**Directions**
For this listing, reproduce the line with "12種類のスパイスをブレンド", the line with "There are many", and the lines between, exactly as they stand. Leave out pictures and all other lines.

**Data to examine**

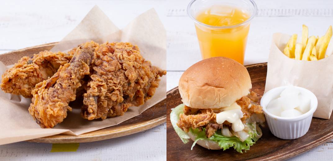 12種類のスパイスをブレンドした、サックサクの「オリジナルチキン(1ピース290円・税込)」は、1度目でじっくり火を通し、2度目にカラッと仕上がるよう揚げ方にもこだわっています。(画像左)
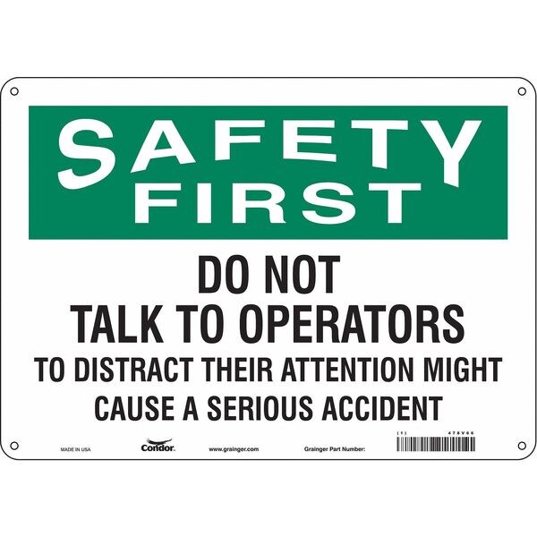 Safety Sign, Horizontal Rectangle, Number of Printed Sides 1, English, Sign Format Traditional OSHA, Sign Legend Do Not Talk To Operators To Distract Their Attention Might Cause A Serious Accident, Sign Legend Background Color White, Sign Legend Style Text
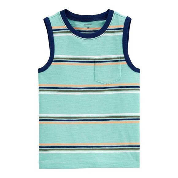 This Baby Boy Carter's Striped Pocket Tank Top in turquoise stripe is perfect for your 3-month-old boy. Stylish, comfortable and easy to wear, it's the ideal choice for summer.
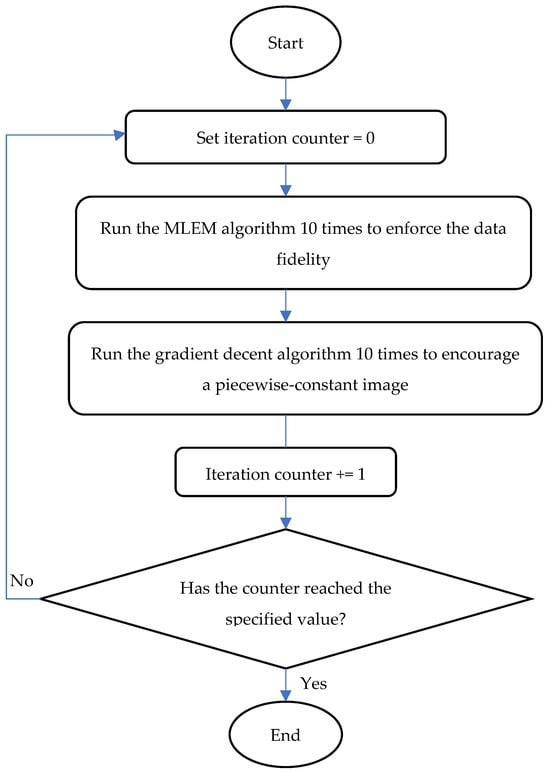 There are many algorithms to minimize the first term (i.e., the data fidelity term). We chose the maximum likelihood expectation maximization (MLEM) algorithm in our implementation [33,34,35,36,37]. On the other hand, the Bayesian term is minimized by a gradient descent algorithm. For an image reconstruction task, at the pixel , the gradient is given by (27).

==

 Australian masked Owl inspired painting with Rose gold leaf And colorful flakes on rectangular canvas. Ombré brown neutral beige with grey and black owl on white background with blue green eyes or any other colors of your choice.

**Answer to the problem**
 12種類のスパイスをブレンドした、サックサクの「オリジナルチキン(1ピース290円・税込)」は、1度目でじっくり火を通し、2度目にカラッと仕上がるよう揚げ方にもこだわっています。(画像左)
 Safety Sign, Horizontal Rectangle, Number of Printed Sides 1, English, Sign Format Traditional OSHA, Sign Legend Do Not Talk To Operators To Distract Their Attention Might Cause A Serious Accident, Sign Legend Background Color White, Sign Legend Style Text
 This Baby Boy Carter's Striped Pocket Tank Top in turquoise stripe is perfect for your 3-month-old boy. Stylish, comfortable and easy to wear, it's the ideal choice for summer.
 There are many algorithms to minimize the first term (i.e., the data fidelity term). We chose the maximum likelihood expectation maximization (MLEM) algorithm in our implementation [33,34,35,36,37]. On the other hand, the Bayesian term is minimized by a gradient descent algorithm. For an image reconstruction task, at the pixel , the gradient is given by (27).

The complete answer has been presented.